Google Chrome Engineering Manager Addy Osmani has taken to the web to reveal that the search giant plans to finally get serious about data savings and implement native lazy-loading features in Chrome 75. That’s when the company hopes to add support for a new attribute called “loading” and applied to images, iframes, and similar elements for potentially drastically reduced page loading.
The attribute will be usable to prevent those elements from loading until just before a user scrolls down to them, shortening the initial loading time and reducing data downloaded when a longer page is first opened. The loading attribute can be assigned with a ‘lazy’, ‘eager’, or ‘auto’ value. As their names imply, those attributes will cause lazy-loading to occur on an element in Chrome by default, force an element to load up on the initial page launch for more important larger assets, or will let the browser decide.
A brief history and big benefits to end users
Lazy-loading is not, conceptually, a new feature as individual web developers have been using similar features for over a decade. The feature was also already available in Chrome’s Canary Channel. As of Chrome 75, this will be the first time that Chrome allows developers to readily define how they work on an individual basis for each element in the Stable Channel.
In essence, developers will be able to ensure their pages load faster by setting elements that can be loaded quickly just before they come into the user’s view to do so. That also has implications for end users since, as highlighted by the Googler’s examples, the data savings can be enormous.

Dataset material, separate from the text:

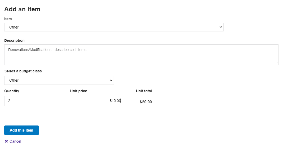 | Step B. Click “Add an item,” and select “Other” for all secondary services. In “Description”, describe which secondary service you are adding. For example, select “Other” and then list in the description “Renovations/modifications” and provide a summary of the cost items as appropriate. Select “Other” for “budget class” and fill in the quantity and unit price. Select “Add this item” to include it in your application. | ||||||||||||||||||||||||||||||||

The most prominent of those examples center around a snapshot of a photo-intensive page that loads approximately 10MB — 10000KB — of image data when first launched. That not only slows Chrome down since all of the images need to be loaded up but burns through the data used by the site’s visitors. With lazy loading enabled, the initial load size drops to just 250KB.
That’s obviously an extreme example since most websites don’t begin to approach the size in question but it would represent a data savings of roughly 98-percent. That means it would be significantly impactful for users on limited service plans or for those living in areas where internet speeds are comparatively slow.

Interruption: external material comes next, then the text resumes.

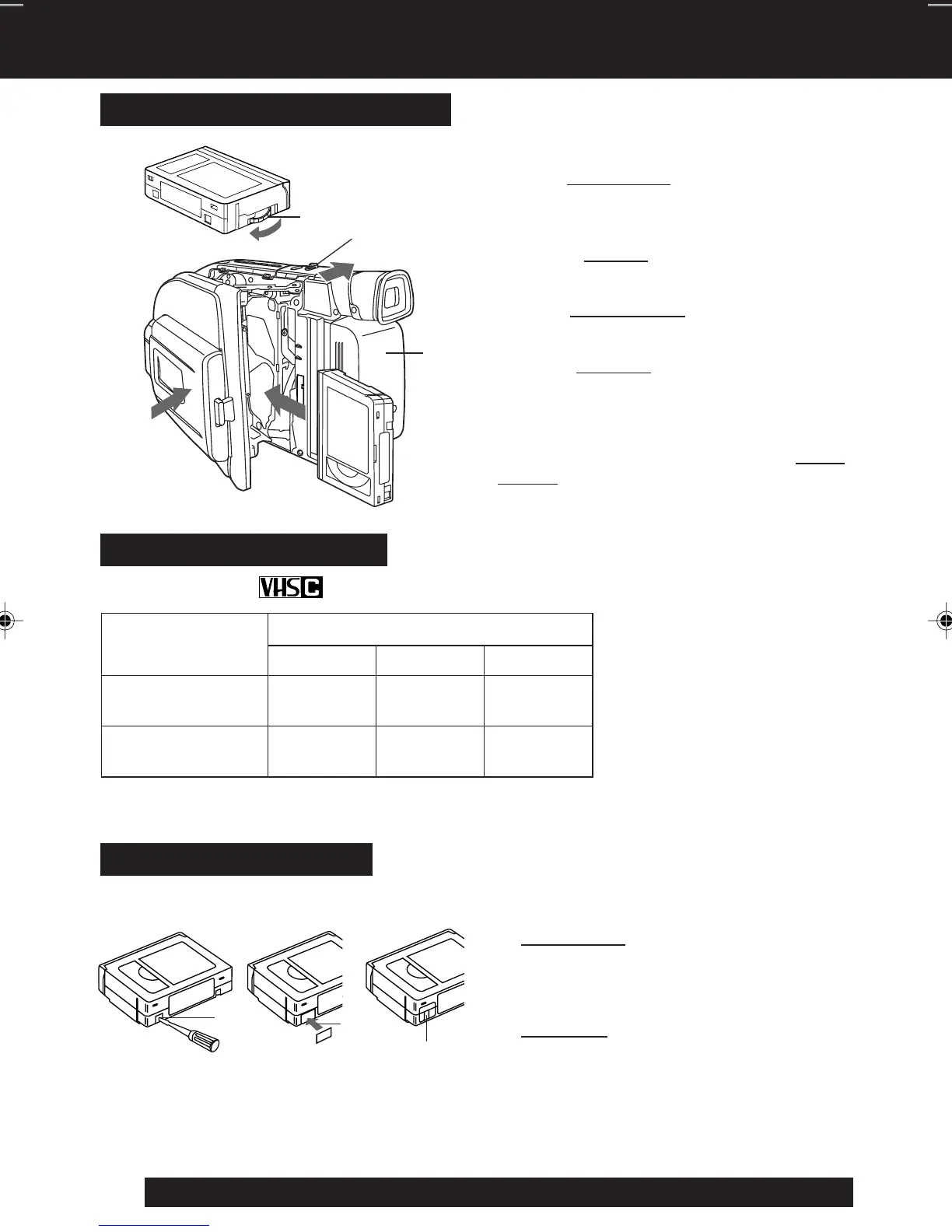 • To remove the cassette, slide the TAPE

Can users choose to turn on lazy loading by default?
For now, the browser and web developers will be responsible for lazy-loading attributes on iframes or images so site owners shouldn’t lose out too much in terms of ad revenue. That won’t necessarily be ideal for users since a site could feasibly choose to load up all of a page’s advertisements with an “eager” attribute while leaving the rest of the content to load incrementally.
End user-controlled lazy loading isn’t out of the question either.
Mr. Osmani says that side of the feature under consideration would most likely be implemented with a client-side ‘hint’ that would convey a user’s loading preferences to the web page. He also indicates that’s nowhere near completion just yet. So users probably shouldn’t expect that to arrive in Chrome 75 alongside lazy-loading itself.
For now, users in the consumer-ready Stable version of Chrome or Chrome OS can turn on lazy-loading by access the “chrome://flags” URL and searching for “lazy.” The two experimental flags that need to be enabled are “Enable lazy image loading” and “Enable lazy frame loading.”